[Assignment]
Repeat all the data that appears below, keeping it exact.

[Available data]
^^^^

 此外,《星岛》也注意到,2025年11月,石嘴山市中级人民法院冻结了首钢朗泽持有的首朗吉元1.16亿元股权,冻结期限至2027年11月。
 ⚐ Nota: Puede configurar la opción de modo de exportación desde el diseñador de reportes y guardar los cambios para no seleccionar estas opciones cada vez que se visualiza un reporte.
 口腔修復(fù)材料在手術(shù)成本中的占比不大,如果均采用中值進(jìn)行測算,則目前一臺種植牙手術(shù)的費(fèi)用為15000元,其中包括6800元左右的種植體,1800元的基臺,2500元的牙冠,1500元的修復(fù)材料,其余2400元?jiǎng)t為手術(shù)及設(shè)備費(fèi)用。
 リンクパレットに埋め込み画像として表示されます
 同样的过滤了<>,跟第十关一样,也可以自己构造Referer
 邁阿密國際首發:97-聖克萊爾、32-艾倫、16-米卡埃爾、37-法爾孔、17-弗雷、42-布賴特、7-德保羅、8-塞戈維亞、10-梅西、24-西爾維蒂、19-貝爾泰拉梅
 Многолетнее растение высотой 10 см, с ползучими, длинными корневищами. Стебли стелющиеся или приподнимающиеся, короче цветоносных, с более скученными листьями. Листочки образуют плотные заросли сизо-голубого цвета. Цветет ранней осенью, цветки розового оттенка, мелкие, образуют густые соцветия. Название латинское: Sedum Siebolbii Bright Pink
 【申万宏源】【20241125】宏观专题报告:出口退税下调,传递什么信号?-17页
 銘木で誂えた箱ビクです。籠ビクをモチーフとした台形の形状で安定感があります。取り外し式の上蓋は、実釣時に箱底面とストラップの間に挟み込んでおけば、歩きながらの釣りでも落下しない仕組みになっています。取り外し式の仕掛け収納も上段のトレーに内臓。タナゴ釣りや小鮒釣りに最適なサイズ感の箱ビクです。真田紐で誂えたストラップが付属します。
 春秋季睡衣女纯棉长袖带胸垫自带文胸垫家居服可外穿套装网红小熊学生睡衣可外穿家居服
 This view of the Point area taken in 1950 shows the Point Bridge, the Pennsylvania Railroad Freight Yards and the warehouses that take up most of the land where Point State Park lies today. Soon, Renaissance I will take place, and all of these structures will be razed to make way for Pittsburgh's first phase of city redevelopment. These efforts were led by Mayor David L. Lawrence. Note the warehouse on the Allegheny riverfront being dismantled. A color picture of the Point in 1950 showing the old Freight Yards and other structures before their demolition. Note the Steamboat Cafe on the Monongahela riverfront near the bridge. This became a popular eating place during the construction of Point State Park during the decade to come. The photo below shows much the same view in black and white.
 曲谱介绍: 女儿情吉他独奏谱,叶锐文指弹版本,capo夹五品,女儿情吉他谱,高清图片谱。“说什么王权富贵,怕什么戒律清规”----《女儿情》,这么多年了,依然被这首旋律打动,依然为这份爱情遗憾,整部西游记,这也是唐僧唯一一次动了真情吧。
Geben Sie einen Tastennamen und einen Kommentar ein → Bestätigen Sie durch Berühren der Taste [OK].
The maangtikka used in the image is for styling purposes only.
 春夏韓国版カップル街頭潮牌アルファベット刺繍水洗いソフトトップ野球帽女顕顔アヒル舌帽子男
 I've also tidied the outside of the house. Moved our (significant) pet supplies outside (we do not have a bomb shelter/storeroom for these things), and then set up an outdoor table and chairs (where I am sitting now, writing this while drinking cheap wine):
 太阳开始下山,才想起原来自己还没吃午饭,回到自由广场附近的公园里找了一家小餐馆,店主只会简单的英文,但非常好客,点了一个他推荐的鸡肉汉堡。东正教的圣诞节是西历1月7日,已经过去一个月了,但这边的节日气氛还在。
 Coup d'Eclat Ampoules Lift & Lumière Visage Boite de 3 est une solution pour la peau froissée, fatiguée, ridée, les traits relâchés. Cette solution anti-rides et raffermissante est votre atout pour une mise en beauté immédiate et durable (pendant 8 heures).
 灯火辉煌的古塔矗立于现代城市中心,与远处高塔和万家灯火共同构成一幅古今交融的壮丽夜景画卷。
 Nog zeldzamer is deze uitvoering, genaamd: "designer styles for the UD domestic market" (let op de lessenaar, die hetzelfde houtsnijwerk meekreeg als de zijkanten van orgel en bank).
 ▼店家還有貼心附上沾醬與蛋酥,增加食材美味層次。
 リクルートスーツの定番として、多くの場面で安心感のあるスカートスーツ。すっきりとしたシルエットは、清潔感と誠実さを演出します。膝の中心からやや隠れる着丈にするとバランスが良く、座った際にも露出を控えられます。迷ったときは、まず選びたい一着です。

^^^^

[Task answer]
 此外,《星岛》也注意到,2025年11月,石嘴山市中级人民法院冻结了首钢朗泽持有的首朗吉元1.16亿元股权,冻结期限至2027年11月。
 ⚐ Nota: Puede configurar la opción de modo de exportación desde el diseñador de reportes y guardar los cambios para no seleccionar estas opciones cada vez que se visualiza un reporte.
 口腔修復(fù)材料在手術(shù)成本中的占比不大,如果均采用中值進(jìn)行測算,則目前一臺種植牙手術(shù)的費(fèi)用為15000元,其中包括6800元左右的種植體,1800元的基臺,2500元的牙冠,1500元的修復(fù)材料,其余2400元?jiǎng)t為手術(shù)及設(shè)備費(fèi)用。
 リンクパレットに埋め込み画像として表示されます
 同样的过滤了<>,跟第十关一样,也可以自己构造Referer
 邁阿密國際首發:97-聖克萊爾、32-艾倫、16-米卡埃爾、37-法爾孔、17-弗雷、42-布賴特、7-德保羅、8-塞戈維亞、10-梅西、24-西爾維蒂、19-貝爾泰拉梅
 Многолетнее растение высотой 10 см, с ползучими, длинными корневищами. Стебли стелющиеся или приподнимающиеся, короче цветоносных, с более скученными листьями. Листочки образуют плотные заросли сизо-голубого цвета. Цветет ранней осенью, цветки розового оттенка, мелкие, образуют густые соцветия. Название латинское: Sedum Siebolbii Bright Pink
 【申万宏源】【20241125】宏观专题报告:出口退税下调,传递什么信号?-17页
 銘木で誂えた箱ビクです。籠ビクをモチーフとした台形の形状で安定感があります。取り外し式の上蓋は、実釣時に箱底面とストラップの間に挟み込んでおけば、歩きながらの釣りでも落下しない仕組みになっています。取り外し式の仕掛け収納も上段のトレーに内臓。タナゴ釣りや小鮒釣りに最適なサイズ感の箱ビクです。真田紐で誂えたストラップが付属します。
 春秋季睡衣女纯棉长袖带胸垫自带文胸垫家居服可外穿套装网红小熊学生睡衣可外穿家居服
 This view of the Point area taken in 1950 shows the Point Bridge, the Pennsylvania Railroad Freight Yards and the warehouses that take up most of the land where Point State Park lies today. Soon, Renaissance I will take place, and all of these structures will be razed to make way for Pittsburgh's first phase of city redevelopment. These efforts were led by Mayor David L. Lawrence. Note the warehouse on the Allegheny riverfront being dismantled. A color picture of the Point in 1950 showing the old Freight Yards and other structures before their demolition. Note the Steamboat Cafe on the Monongahela riverfront near the bridge. This became a popular eating place during the construction of Point State Park during the decade to come. The photo below shows much the same view in black and white.
 曲谱介绍: 女儿情吉他独奏谱,叶锐文指弹版本,capo夹五品,女儿情吉他谱,高清图片谱。“说什么王权富贵,怕什么戒律清规”----《女儿情》,这么多年了,依然被这首旋律打动,依然为这份爱情遗憾,整部西游记,这也是唐僧唯一一次动了真情吧。
Geben Sie einen Tastennamen und einen Kommentar ein → Bestätigen Sie durch Berühren der Taste [OK].
The maangtikka used in the image is for styling purposes only.
 春夏韓国版カップル街頭潮牌アルファベット刺繍水洗いソフトトップ野球帽女顕顔アヒル舌帽子男
 I've also tidied the outside of the house. Moved our (significant) pet supplies outside (we do not have a bomb shelter/storeroom for these things), and then set up an outdoor table and chairs (where I am sitting now, writing this while drinking cheap wine):
 太阳开始下山,才想起原来自己还没吃午饭,回到自由广场附近的公园里找了一家小餐馆,店主只会简单的英文,但非常好客,点了一个他推荐的鸡肉汉堡。东正教的圣诞节是西历1月7日,已经过去一个月了,但这边的节日气氛还在。
 Coup d'Eclat Ampoules Lift & Lumière Visage Boite de 3 est une solution pour la peau froissée, fatiguée, ridée, les traits relâchés. Cette solution anti-rides et raffermissante est votre atout pour une mise en beauté immédiate et durable (pendant 8 heures).
 灯火辉煌的古塔矗立于现代城市中心,与远处高塔和万家灯火共同构成一幅古今交融的壮丽夜景画卷。
 Nog zeldzamer is deze uitvoering, genaamd: "designer styles for the UD domestic market" (let op de lessenaar, die hetzelfde houtsnijwerk meekreeg als de zijkanten van orgel en bank).
 ▼店家還有貼心附上沾醬與蛋酥,增加食材美味層次。
 リクルートスーツの定番として、多くの場面で安心感のあるスカートスーツ。すっきりとしたシルエットは、清潔感と誠実さを演出します。膝の中心からやや隠れる着丈にするとバランスが良く、座った際にも露出を控えられます。迷ったときは、まず選びたい一着です。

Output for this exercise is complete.